About this task: Starting with the line below that holds "Cotton/spandex. Asymmetrical hem." and stopping after the line that holds "Mesin Mie Listrik", transcribe the lines exactly, leaving out all pictures.

───── Supplied records ─────

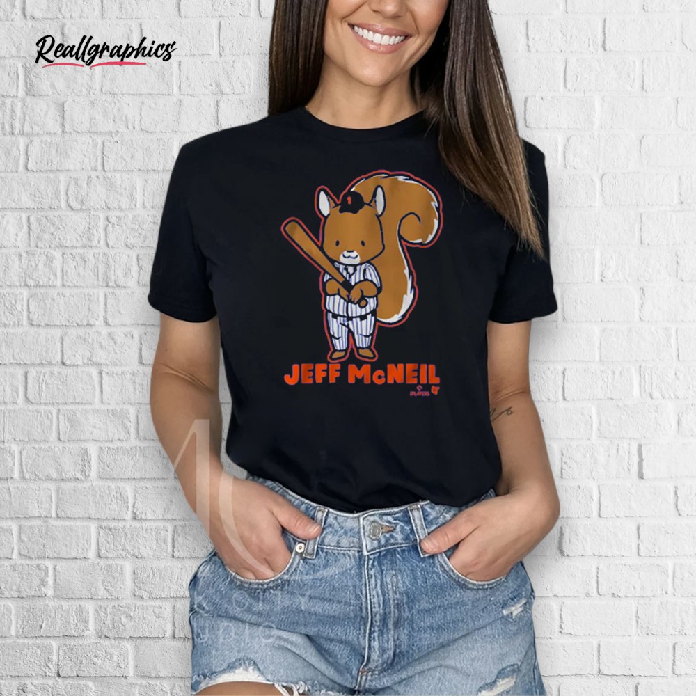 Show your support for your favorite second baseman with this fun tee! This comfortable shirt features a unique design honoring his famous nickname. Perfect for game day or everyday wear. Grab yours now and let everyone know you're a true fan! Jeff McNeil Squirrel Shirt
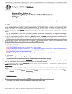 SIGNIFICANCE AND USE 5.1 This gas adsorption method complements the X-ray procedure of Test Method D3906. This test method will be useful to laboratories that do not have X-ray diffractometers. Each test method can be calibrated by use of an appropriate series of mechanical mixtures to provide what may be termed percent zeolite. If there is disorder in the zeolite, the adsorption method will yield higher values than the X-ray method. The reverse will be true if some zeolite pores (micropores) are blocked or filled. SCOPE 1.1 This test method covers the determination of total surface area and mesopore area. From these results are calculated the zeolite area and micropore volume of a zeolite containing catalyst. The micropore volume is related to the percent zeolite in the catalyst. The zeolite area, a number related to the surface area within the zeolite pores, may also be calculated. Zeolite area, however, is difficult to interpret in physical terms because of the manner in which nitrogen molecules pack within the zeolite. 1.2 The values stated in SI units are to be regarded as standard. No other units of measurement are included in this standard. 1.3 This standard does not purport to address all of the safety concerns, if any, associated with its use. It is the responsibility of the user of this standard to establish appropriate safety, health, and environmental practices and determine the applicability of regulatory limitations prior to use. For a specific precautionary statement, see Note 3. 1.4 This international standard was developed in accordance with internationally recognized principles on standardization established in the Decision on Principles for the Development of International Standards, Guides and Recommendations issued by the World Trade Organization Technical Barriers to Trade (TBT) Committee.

─────
───── Supplied records ─────

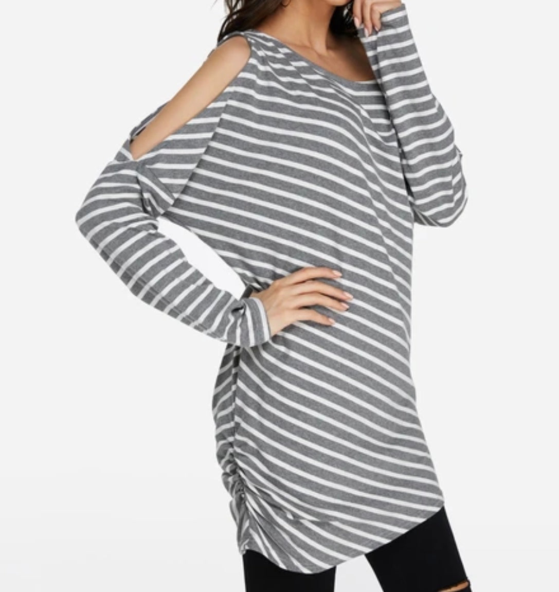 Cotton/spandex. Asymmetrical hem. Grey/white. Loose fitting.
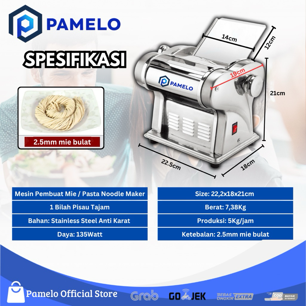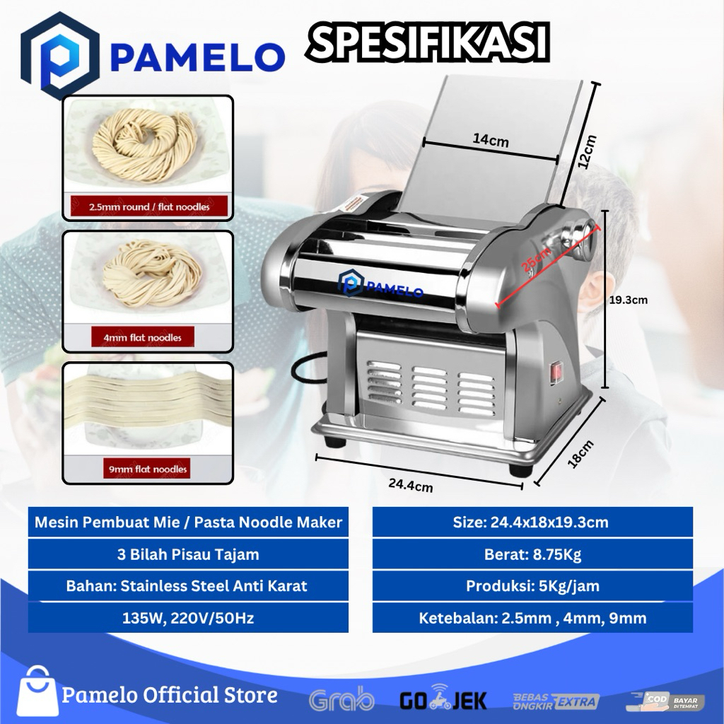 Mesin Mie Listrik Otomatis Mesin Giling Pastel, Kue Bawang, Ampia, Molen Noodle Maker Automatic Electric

─────

Task output:
 Cotton/spandex. Asymmetrical hem. Grey/white. Loose fitting.
 Mesin Mie Listrik Otomatis Mesin Giling Pastel, Kue Bawang, Ampia, Molen Noodle Maker Automatic Electric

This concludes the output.